### Exercise description
From the first line to the last, return the data exactly, with no pictures.

### Collected material
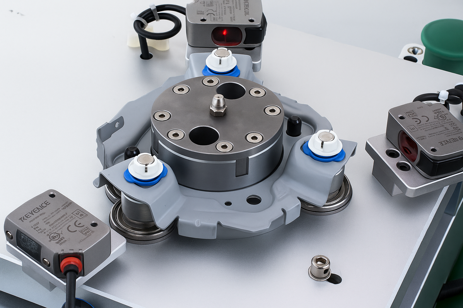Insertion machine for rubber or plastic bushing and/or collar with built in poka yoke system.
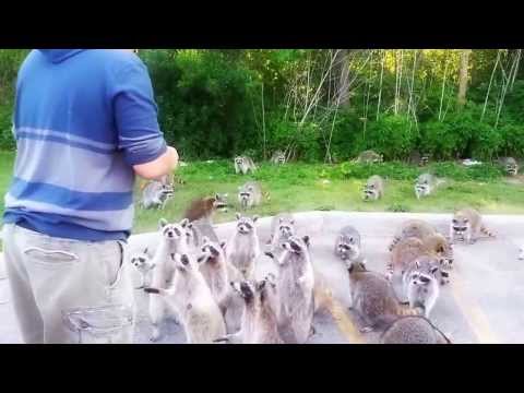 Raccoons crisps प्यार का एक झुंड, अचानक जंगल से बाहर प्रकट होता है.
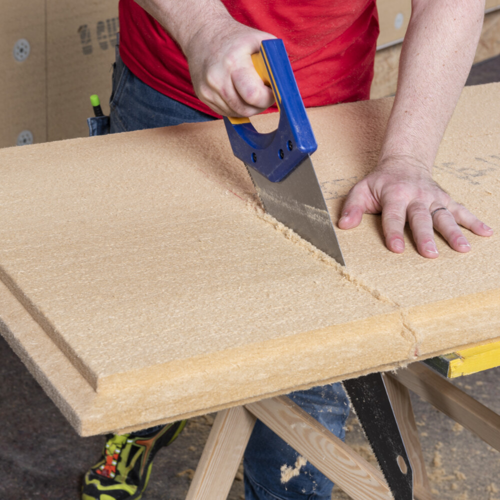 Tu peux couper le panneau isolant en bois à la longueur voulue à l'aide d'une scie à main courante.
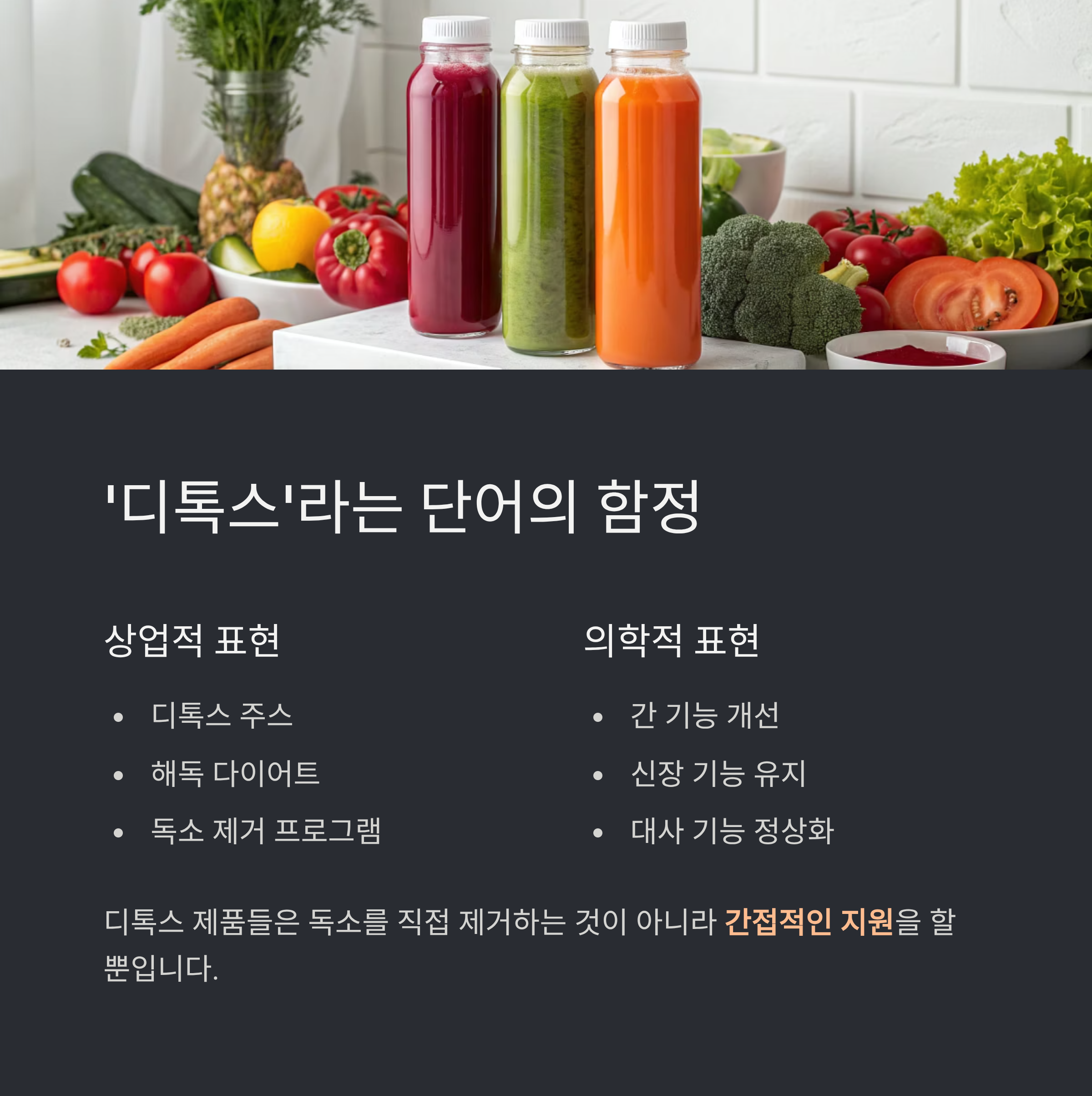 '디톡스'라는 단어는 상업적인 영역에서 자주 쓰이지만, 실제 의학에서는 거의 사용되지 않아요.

### Output
Insertion machine for rubber or plastic bushing and/or collar with built in poka yoke system.
 Raccoons crisps प्यार का एक झुंड, अचानक जंगल से बाहर प्रकट होता है.
 Tu peux couper le panneau isolant en bois à la longueur voulue à l'aide d'une scie à main courante.
 '디톡스'라는 단어는 상업적인 영역에서 자주 쓰이지만, 실제 의학에서는 거의 사용되지 않아요.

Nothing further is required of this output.